An Elhadj 2024

Lieber Elhadj,

vor genau einem Jahr saß ich umgeben von sommerlichen Temperaturen und unmittelbar nach dem Besuch des Schulterrains voller Emotionen am PC vor einer leeren Seite. Auch wenn uns geografisch nun wieder 6.000 Kilometer trennen, sind die Gedanken auch im kalten deutschen Januar nicht weniger emotional. Seit deinem tragischen Unfalltod vor nunmehr 6 Jahren (2190 Tage!) ist so viel passiert und doch so viel gleichgeblieben. Vor wenigen Tagen traf ich im Rahmen einer besonderen Abendveranstaltung auf einen Mann, der offenbar schon von dem Projekt und mir gehört hatte und der mich bat, den Kern des Ganzen zu erklären. „Puuuh“, dachte ich, „wo fange ich an und wo höre ich auf?“ Seine spannende Frage sorgte schließlich dafür, dass ich von dir und unserem gemeinsamen Start berichtete, wie wir zunächst eine Schulpartnerschaft aus Briefen entwickelten und… – plötzlich fiel mir der Mann ins Wort: „Es geht also im Kern um die Menschen?“ „Ja“, sagte ich, „exakt das ist der Antrieb von allem: die Begegnungen zwischen Menschen.“ 

Das Lächeln meines Gegenübers und auch von mir selbst erinnerte mich an die zahlreichen gemeinsamen Veranstaltungen, die wir in Deutschland und Senegal erlebt haben. Immer wieder waren es die Begegnungen, die uns faszinierten, antrieben und uns schließlich den Ruf der „Brückenbauer“ bescherten. Sicherlich erinnerst du dich noch an das kurze Gespräch mit Herrn Steinmeier 2016 in Berlin, als er etwas verdutzt und dann eben doch lächelnd sagte: „Ach so, Sie sind Brückenbauer.“ Eben jenen Steinmeier – mittlerweile nicht mehr Außenminister, sondern Bundespräsident – traf ich im Sommer 2023 zum zweiten Mal im Rahmen seines Bürgerfestes (Motto: „Im WIR verbunden“). Es gelang mir erneut, ein kurzes Gespräch mit ihm zu führen, unsere Wanderausstellung „Reale Afrikabilder“ als Bildband zu überreichen und seine mutmachenden Worte gebühren auch dir: „Machen Sie weiter so, Sie leisten großartige Arbeit für diese Welt.“ Dieser Moment war insofern besonders, als dass ich unsere mittlerweile fünfjährige Tochter an meiner Seite hatte, die mich ganz trocken fragte: „Papa, wer war das?“ Mit genau dieser Unbekümmertheit haben auch wir beiden Autoritäten, Prominente und andere MENSCHEN getroffen, uns ging es stets um die Sache, nie um uns – das ist auch heute noch so, leider kann ich derartige Treffen nicht mehr mit dir, sehr wohl aber in deinem Sinne gestalten. Und so schrieb ich voller Stolz in das ausgelegte Buch „Fragen unserer Zeit“ in der Kategorie „Weisheiten, die mich bis heute begleiten“:

„Wer die Jugend erreicht, erreicht viel.“ Dieses Zitat des viel zu früh verstorbenen Lehrers und Brückenbauers Elhadj Diouf ist für mich und viele andere des Osteroder Modells mit Kaolack Antrieb, Bestätigung und Motivation zugleich. EINE Welt fängt bei jedem selbst und in frühester Jugend an.“

(Tobias Rusteberg, Lehrer, Brückenbauer, Mitinitiator der Elhadj Diouf Foundation)

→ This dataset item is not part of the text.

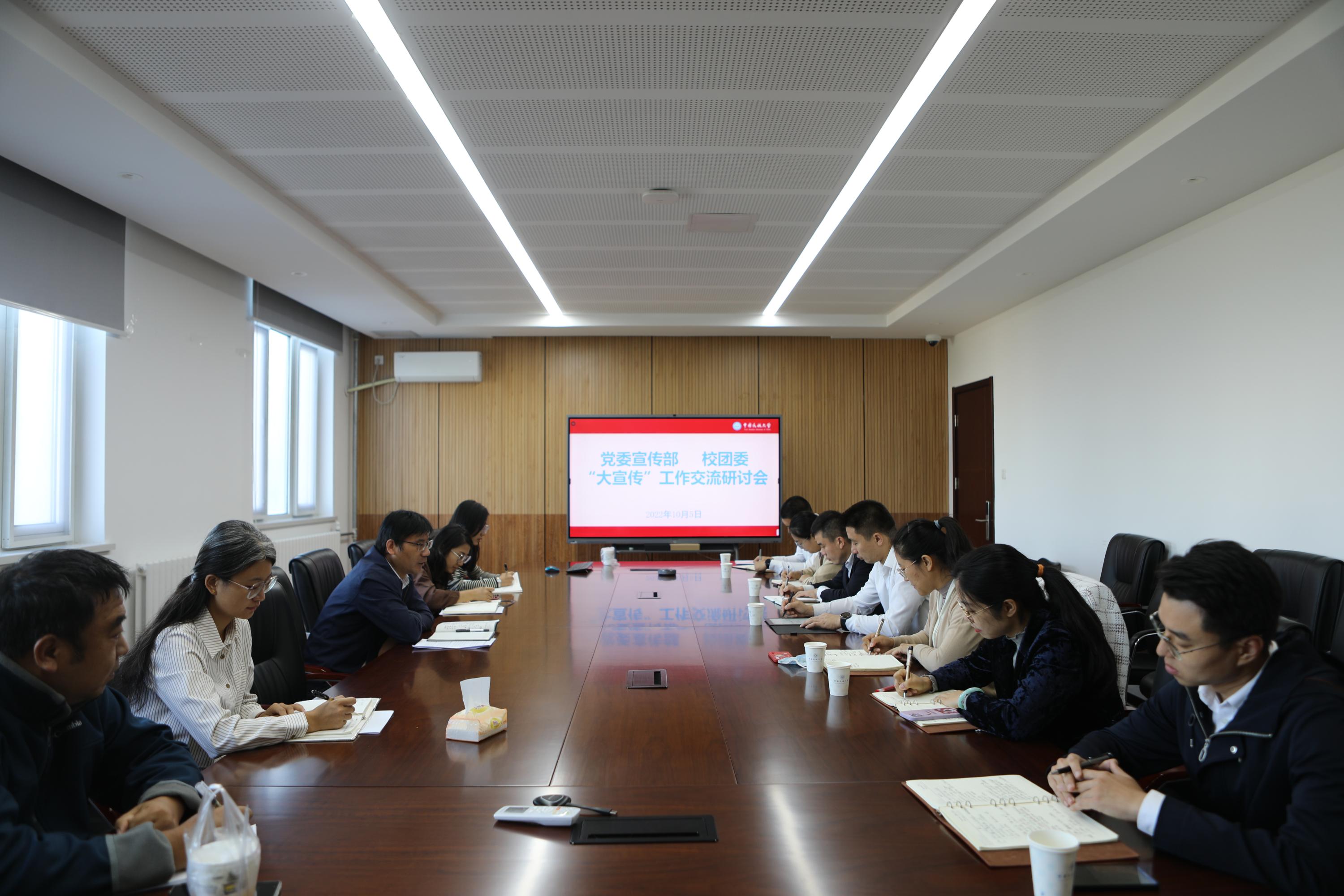 10月5日上午,宣传部(教师工作部)与校团委在勤业楼420联合开展“大宣传”工作交流研讨会,就如何进一步增强部门间协作,扩大学校宣传力度展开充分讨论。宣传部部长徐雪峰、校团委书记何珠城出席会议,宣传部新闻中心、校团委全体成员参会。
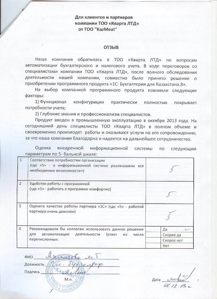 Отзыв клиента на внедренное решение

Apropos Begegnungen: Auch im vergangenen August kam eine Delegation aus Kaolack nach Osterode und das Motto der Begegnung „Let´s act TOGETHER and NOW“ hätte dir große Freude bereitet. Einmal mehr sind aus dieser Zeit Junior-Botschafter*innen hervorgegangen, die unsere Brücke erweitern und durch ihr Engagement für EINE Welt mit Leben füllen. Rund um den Jahrestag deines tragischen Unfalls passieren auch wieder großartige Dinge, die zeigen, dass deine Lebensphilosophie (s.o.) mehr als zutreffend ist. Übermorgen präsentieren wir unseren Film „Reale Afrikabilder“ im Herzberger Kino, nachdem dieser bereits den vollgefüllten Musiksaal unserer Schule zum Jubeln brachte. Unsere allererste Kinovorstellung mit dem Film „Senegal – Land und Leute“ am 07.02.2016 hast du mit großer Freude verfolgt, auch damals kommentiertest du so zutreffend: „Ihr Deutschen seid positiv verrückt. Ein Rentner (DANKE an G. Lüer aus Wulften) filmt eure Reise und ihr begeistert damit Menschen in einem Kino.“ Ich bin mir sicher, dass uns genau das auch in diesem Jahr gelingen wird…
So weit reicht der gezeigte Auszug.